Huge Amounts Human
Waste Being Sprayed On
Farm Land In Ontario
By Krista Foss
Toronto Globe and Mail
Welcome to rural Ontario.
Hundreds of millions of litres of recycled human waste will be dumped on rural land this year, and that volume is on such a precipitous rise that residents are worried the province's bucolic backyard is fast becoming its outhouse.
Mount Albert farmers Tim and Terri Boadway can see used condoms and soiled sanitary napkins sprinkled on four hectares bordering their property.

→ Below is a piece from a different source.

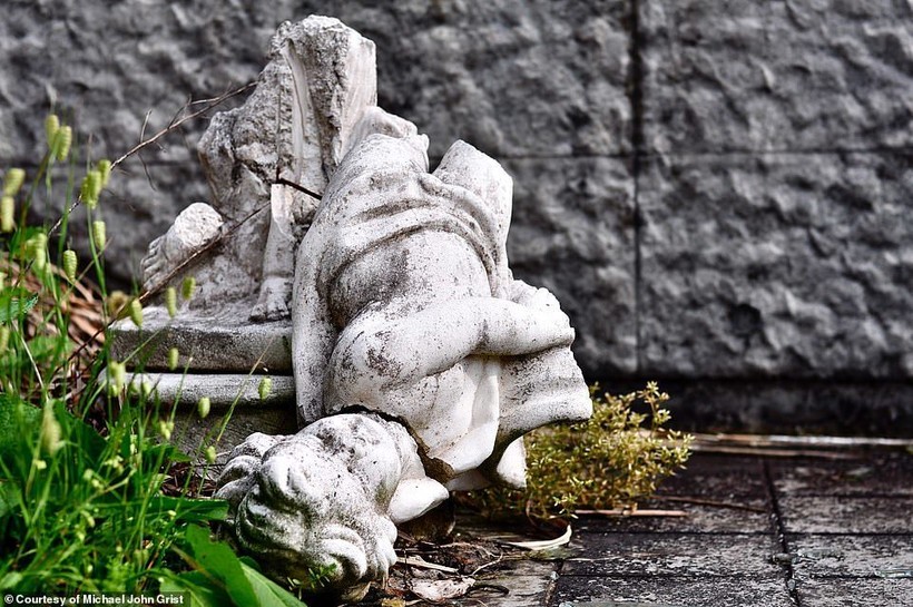 Разрушенный ангел из камня, который когда-то украшал стены.

Residents of a subdivision near Millbrook suffered from open sores in their nostrils and complained of stomach pains, after human waste was sprayed on nearby farm fields this spring.
And Frank Tersigni's young family and in-laws, who live across from a gravel pit in rural Puslinch, don't open their windows if the breeze is blowing in the wrong direction the smell of the septic-tank waste dumped there is so strong. The tragedy of contaminated well water in Walkerton has made Canadians painfully aware of the massive amounts of animal excrement generated and spread on land by intensive hog and cattle farming.
But if that's not bad enough, a growing proportion of human excrement originally flushed down Ontario's toilets and mixed with chemical and industrial wastes, is also being spread on the land.
It comes with its own potential stew of viruses, bacterium, parasites and heavy metals.
The practice is legal and it's growing.
"I moved next to a farm, not a sewage dump. The smell makes you nauseous," said Vickie Heard of Millbrook, a mother of two young children whose family lives across from a farm using recycled human waste to fertilize an animal feed crop. "I don't want to have people over. It's embarrassing . . . and I'm worried about my house value."
There are two types of recycled human waste being spread on rural land.
Sewage sludge is leftover waste from sewage-treatment plants that's increasingly recycled as a farm fertilizer. Septage is the sewage that's pumped from septic and holding tanks and can include waste from animal slaughterhouses. It is dumped on land without treatment or tests.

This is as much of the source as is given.